• Information supplied
====
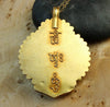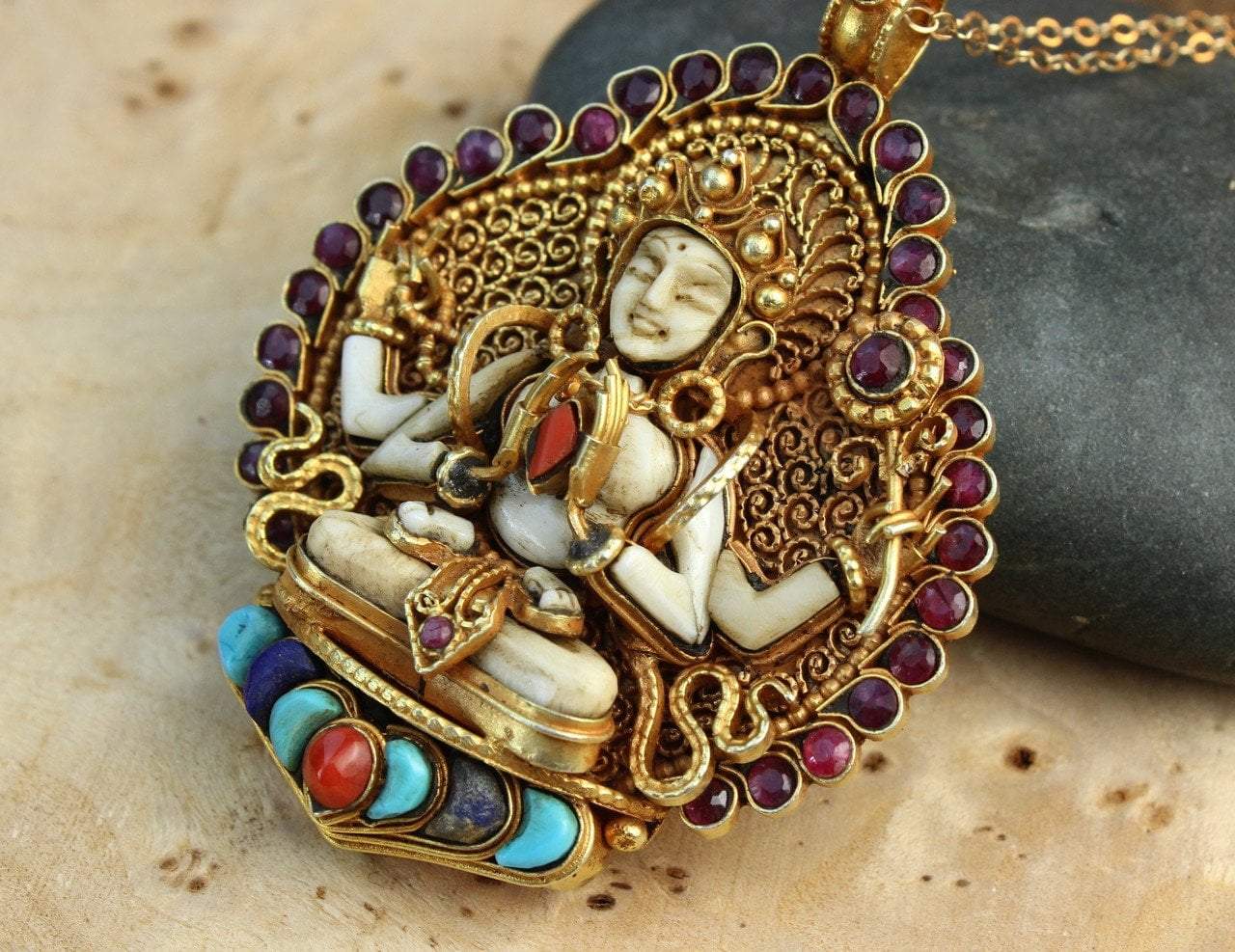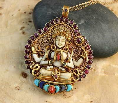 A brilliant one of a kind Chenrezig pendant with real rubies, coral and lapis stones set inside this gold plated beauty. Chenrezig is carved out of bone. Om an hum is inscribed on the back; the mantra of blessings. Hand made with care in Nepal.
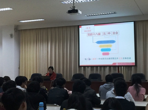 12月24日下午,院長(zhǎng)郭素華教授為師生講授思政課,題為《聚焦十八屆五中全會(huì)學(xué)習(xí)“十三五”規(guī)劃》,全體思政課教師和百余名學(xué)生到場(chǎng)聆聽(tīng)。
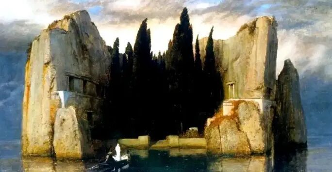 (致敬阿诺德·伯克林的神秘主义画作《死亡之岛》,舟上载的是死者)
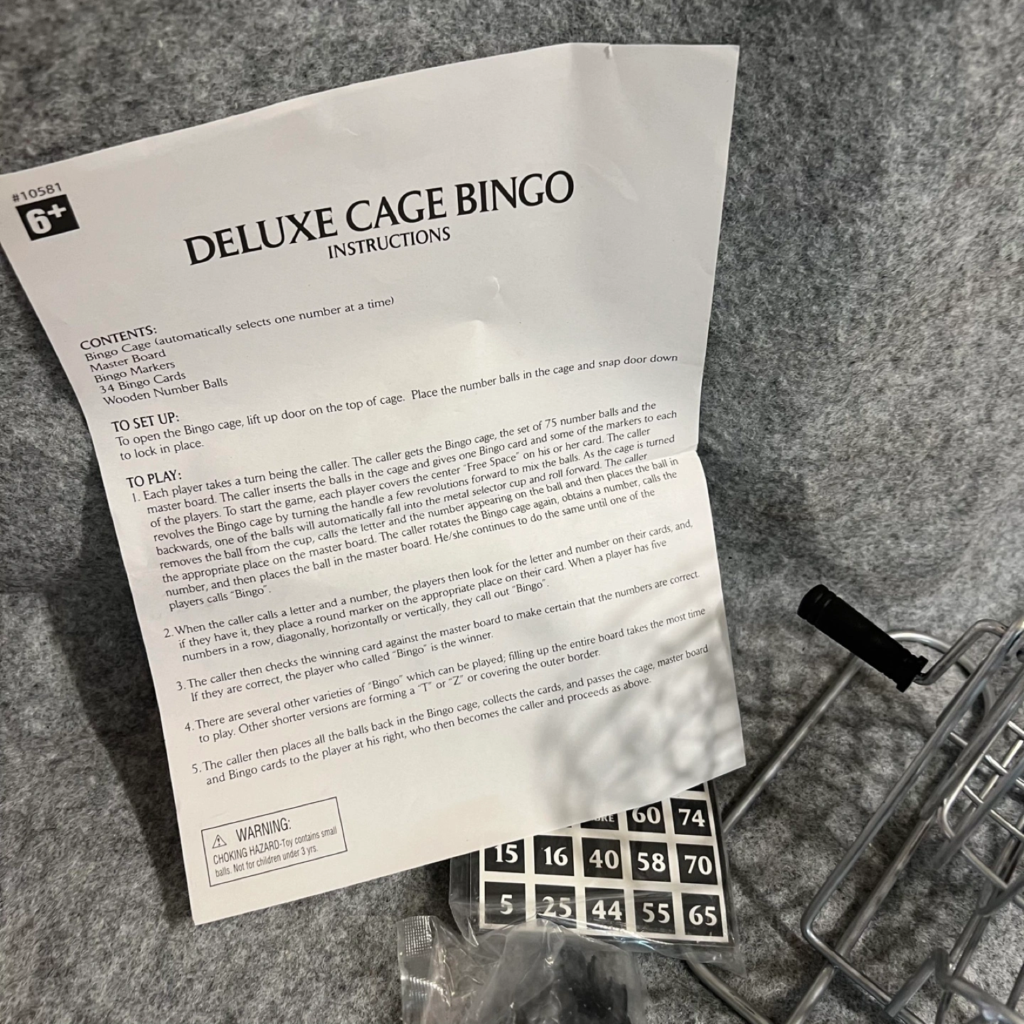 1000+Get ready for some fun with this Deluxe Cage Bingo set! It includes everything you need to play: a bingo cage, master board, bingo markers, bingo cards, and wooden number balls. Perfect for family game night or a friendly get-together
====
• What this task involves
Please retype the listing above word for word, skipping each picture.

• Answer for this exercise
 A brilliant one of a kind Chenrezig pendant with real rubies, coral and lapis stones set inside this gold plated beauty. Chenrezig is carved out of bone. Om an hum is inscribed on the back; the mantra of blessings. Hand made with care in Nepal.
 12月24日下午,院長(zhǎng)郭素華教授為師生講授思政課,題為《聚焦十八屆五中全會(huì)學(xué)習(xí)“十三五”規(guī)劃》,全體思政課教師和百余名學(xué)生到場(chǎng)聆聽(tīng)。
 (致敬阿诺德·伯克林的神秘主义画作《死亡之岛》,舟上载的是死者)
 1000+Get ready for some fun with this Deluxe Cage Bingo set! It includes everything you need to play: a bingo cage, master board, bingo markers, bingo cards, and wooden number balls. Perfect for family game night or a friendly get-together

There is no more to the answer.